_Work request_
Leaving the pictures out, transcribe the records below exactly.

_Exercise data_
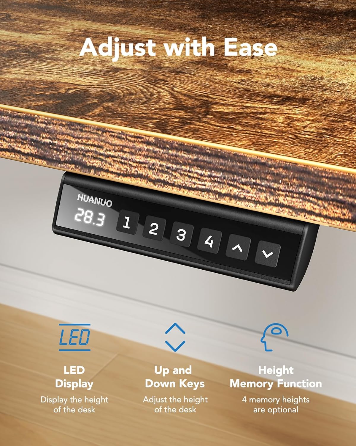 - Intuitive Control Panel: Easily operate the sit stand desk with the LED controller that attaches to the front of the desk. With low-noise operation, you can operate the desk quietly without disturbing your work environment. Stay focused on important tasks without unnecessary distraction.
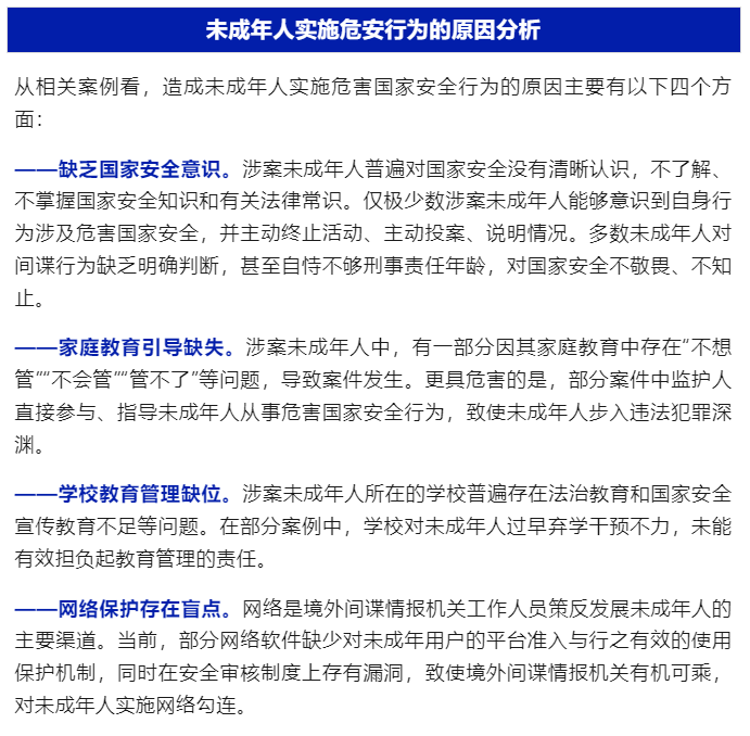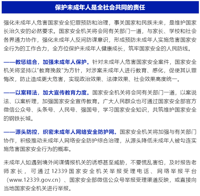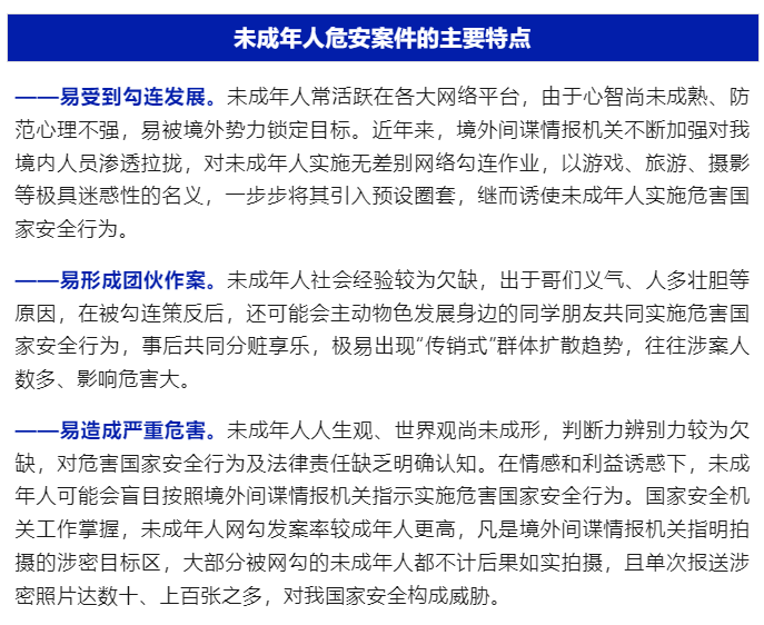 据国家安全部消息,“国家安全部”微信公众号曾先后发布《小心!披着羊皮的狼》《当心!境外黑手正伸向未成年人》等文章,披露了多起未成年人实施危害国家安全行为的典型案例。相关案例反映出近年来在境外间谍情报机关拉拢策反下,未成年人实施危害国家安全案件呈增加的趋势,需引起社会高度重视。
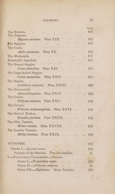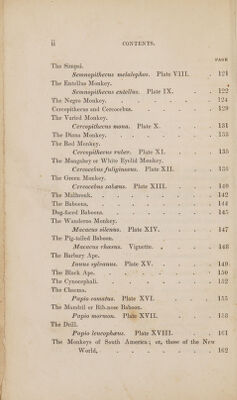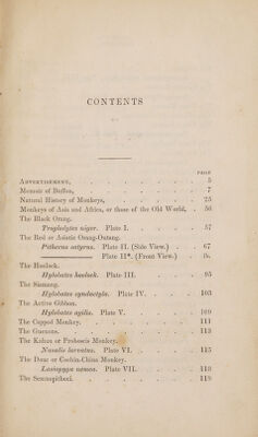 ![CONTENTS ADVERTISEMENT, Memoir of Buffon, ; Natural History of Monkeys, Monkeys of Asia and Africa, or those of the Old World, The Black Orang. Troglodytes niger. Plate I. The Red or Asiatic Orang-Outang. Pithecus satyrus. Plate II. (Side View.) Plate I1*. (Front View.) The Hoolock. ' Hylobates hoolock. Plate IIT. The Siamang. Hylobates syndactyla. Plate IV. Hylobates agilis. Plate V. The Guenons. The Kahau or Proboscis ] Monkeys Ab Nasalis larvatus. Plate VI. Lasiopyga nemea. Piate VII. The Semnopitheci.](https://iiif.wellcomecollection.org/image/b29289397_0002_0009.jp2/full/800%2C/0/default.jpg)
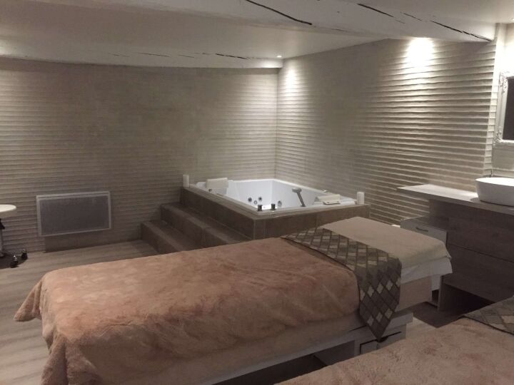 - 1 espace lounge avec spa de nage, un espace tisanerie
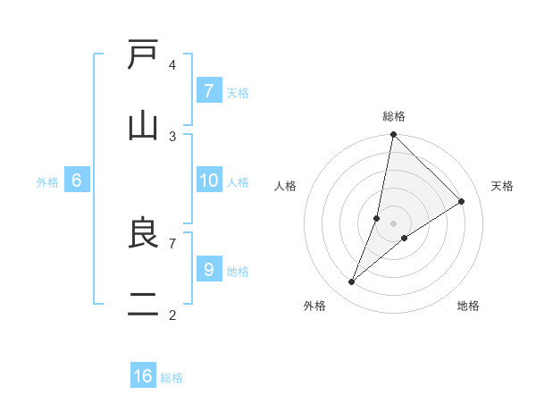 戸山 良二さんの総格は16画の5点!

_Response to this exercise_
 - Intuitive Control Panel: Easily operate the sit stand desk with the LED controller that attaches to the front of the desk. With low-noise operation, you can operate the desk quietly without disturbing your work environment. Stay focused on important tasks without unnecessary distraction.
 据国家安全部消息,“国家安全部”微信公众号曾先后发布《小心!披着羊皮的狼》《当心!境外黑手正伸向未成年人》等文章,披露了多起未成年人实施危害国家安全行为的典型案例。相关案例反映出近年来在境外间谍情报机关拉拢策反下,未成年人实施危害国家安全案件呈增加的趋势,需引起社会高度重视。
 ![CONTENTS ADVERTISEMENT, Memoir of Buffon, ; Natural History of Monkeys, Monkeys of Asia and Africa, or those of the Old World, The Black Orang. Troglodytes niger. Plate I. The Red or Asiatic Orang-Outang. Pithecus satyrus. Plate II. (Side View.) Plate I1*. (Front View.) The Hoolock. ' Hylobates hoolock. Plate IIT. The Siamang. Hylobates syndactyla. Plate IV. Hylobates agilis. Plate V. The Guenons. The Kahau or Proboscis ] Monkeys Ab Nasalis larvatus. Plate VI. Lasiopyga nemea. Piate VII. The Semnopitheci.](https://iiif.wellcomecollection.org/image/b29289397_0002_0009.jp2/full/800%2C/0/default.jpg)
 - 1 espace lounge avec spa de nage, un espace tisanerie
 戸山 良二さんの総格は16画の5点!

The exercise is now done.